■ The records:
* * *

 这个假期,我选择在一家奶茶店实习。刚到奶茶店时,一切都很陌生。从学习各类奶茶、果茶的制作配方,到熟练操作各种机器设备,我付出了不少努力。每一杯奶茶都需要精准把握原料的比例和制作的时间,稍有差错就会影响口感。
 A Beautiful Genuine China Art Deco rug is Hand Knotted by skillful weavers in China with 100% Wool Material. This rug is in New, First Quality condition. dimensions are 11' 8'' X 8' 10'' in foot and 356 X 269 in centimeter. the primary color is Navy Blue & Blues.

* * *

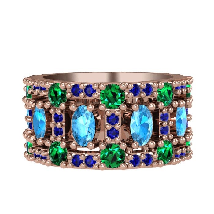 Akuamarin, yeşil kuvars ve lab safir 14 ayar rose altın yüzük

* * *

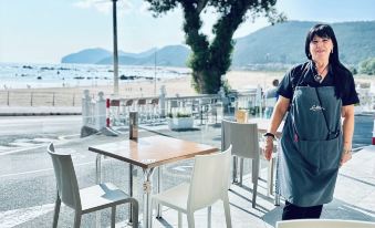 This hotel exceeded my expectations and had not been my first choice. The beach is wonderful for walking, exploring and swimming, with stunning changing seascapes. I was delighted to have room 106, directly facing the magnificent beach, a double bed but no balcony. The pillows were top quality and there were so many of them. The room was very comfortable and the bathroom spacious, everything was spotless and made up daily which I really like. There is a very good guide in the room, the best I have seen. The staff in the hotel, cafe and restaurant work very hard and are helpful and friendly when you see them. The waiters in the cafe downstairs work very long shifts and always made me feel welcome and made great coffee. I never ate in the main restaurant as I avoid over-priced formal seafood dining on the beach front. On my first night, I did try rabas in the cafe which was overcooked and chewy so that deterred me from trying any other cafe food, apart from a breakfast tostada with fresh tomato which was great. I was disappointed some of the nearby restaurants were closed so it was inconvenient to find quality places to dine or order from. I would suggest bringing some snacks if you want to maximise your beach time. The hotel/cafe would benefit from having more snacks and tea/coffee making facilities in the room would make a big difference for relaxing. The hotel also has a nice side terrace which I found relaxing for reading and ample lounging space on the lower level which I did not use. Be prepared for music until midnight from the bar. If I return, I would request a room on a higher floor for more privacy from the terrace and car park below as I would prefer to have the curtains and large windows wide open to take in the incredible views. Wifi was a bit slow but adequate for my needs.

* * *

After locating the line with "这个假期,我选择在一家奶茶店" in the material above, return it and each line after it exactly, ending at the line with "A Beautiful Genuine".

■ Answer:
 这个假期,我选择在一家奶茶店实习。刚到奶茶店时,一切都很陌生。从学习各类奶茶、果茶的制作配方,到熟练操作各种机器设备,我付出了不少努力。每一杯奶茶都需要精准把握原料的比例和制作的时间,稍有差错就会影响口感。
 A Beautiful Genuine China Art Deco rug is Hand Knotted by skillful weavers in China with 100% Wool Material. This rug is in New, First Quality condition. dimensions are 11' 8'' X 8' 10'' in foot and 356 X 269 in centimeter. the primary color is Navy Blue & Blues.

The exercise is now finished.